Ready to eat foods (RTE) pose a significant risk of foodborne illness, if proper safety precautions are not followed. Key to keeping contaminants out of your RTEs and keeping regulatory action at bay is developing a strong environmental control program (ECP).

We spoke with Benjamin Miller, vice president of regulatory and scientific affairs at the Acheson Group, about the core components of an ECP and the biggest risk areas for producers of RTE foods.

There are three key components of an ECP:

  • Hygienic design of a facility and equipment
  • People management within a facility or operation
  • Sanitation

“From a facility standpoint, you want a facility that is constructed well,” says Miller. “The floor, walls and ceilings are in good condition. You have adequate water drainage, if you’re going to be using a wet clean as part of your sanitation program and, from the equipment standpoint, you want equipment that is designed to be cleaned and is easy to clean. That is one of the areas where we see some of the biggest issues in terms of risk from environmental contaminants and pathogens.”

There are multiple challenges to keeping equipment clean and santized, notes Miller. And it starts with a lack of standardization. There is little regulation on equipment design for food processing, although there have been efforts among industry, with groups such as the 3-A Consortium in the dairy industry and the European Hygienic Engineering and Design Group (EHEDG). “But a lot of equipment is custom fabricated in the food manufacturing space, and equipment is expensive and has a long serviceable life span,” says Miller. “So, while we do understand the good principles of hygienic design, those are not always baked into equipment design, either because of the cost or the complexity of the design of the equipment itself.”

Equipment Considerations

When investigating new equipment or reviewing your existing equipment, you want to look at the materials used as well as placement of the equipment. “We think about stainless steel as being easy to clean and sanitize, but even with stainless steel there are different finishes that can make it more difficult to clean, so you need to think about the the different finishes that come on the equipment, the seams where the weld points are and how smooth those weld points are,” says Miller.

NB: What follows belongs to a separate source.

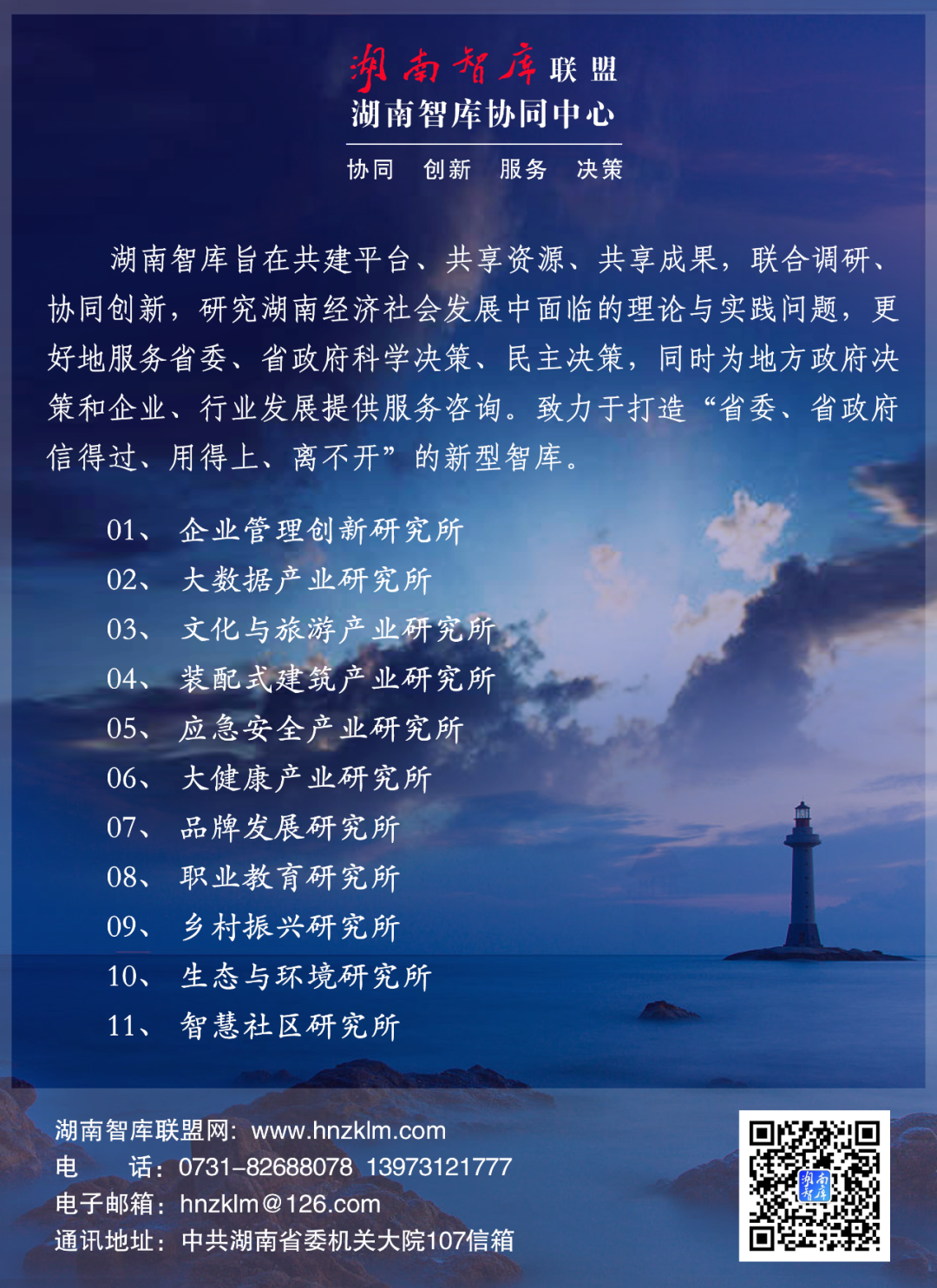 湖南智库联盟&湖南智库协同中心是2014年9月由湖南省人民政府参事室、中南大学、中共湖南省委党校(湖南行政学院)、湖南省社会科学院、湖南大学、湖南师范大学、长沙理工大学、湖南农业大学、中南林业科技大学、湖南发展研究中心等10家单位发起并签约成立的联合型智库。联盟依托高校的学科优势,文、史、哲、理、工、经、管、法律等门类齐全,适应决策咨询学科全覆盖的知识需求,秉承“协同 创新 服务 决策”的理念,积极承担智库的责任与担当,服务国家大政方针,力求做到真正成为“政府帮手、产业推手、企业助手”。
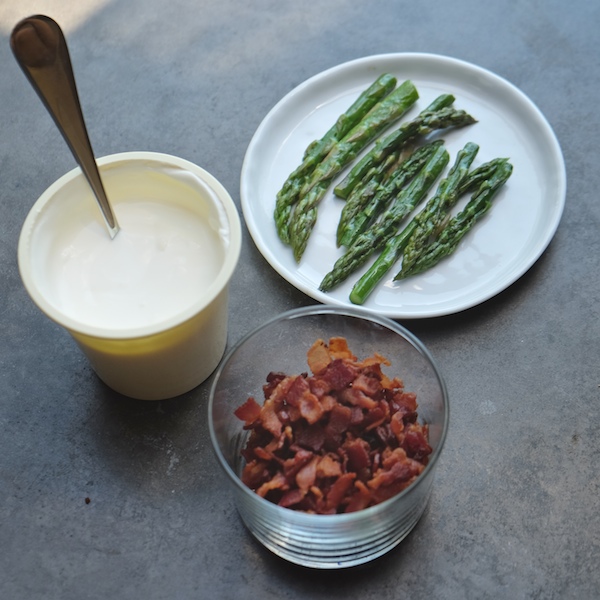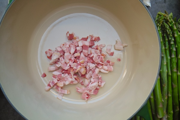 Reserve a few of the asparagus spears. I kept a few longer for this purpose. They’re like dangling earrings to an outfit. They add a little texture and a little something something to the soup. Bacon and creme fraiche for later.

Flat surfaces can collect dirt, debris and water. “Rotating existing infrastructure or equipment components can make a significant difference in cleanability, drying and run off,” says Miller.

The placement of the equipment in the facility can also affect cleanability. “A good analogy is, if you look under the hood of your car some engines are in there so tight that you have to take everything apart to get in there to fix or replace a specific part,” says Miller. “Other cars, you can practically climb inside and get to every piece of equipment easily.”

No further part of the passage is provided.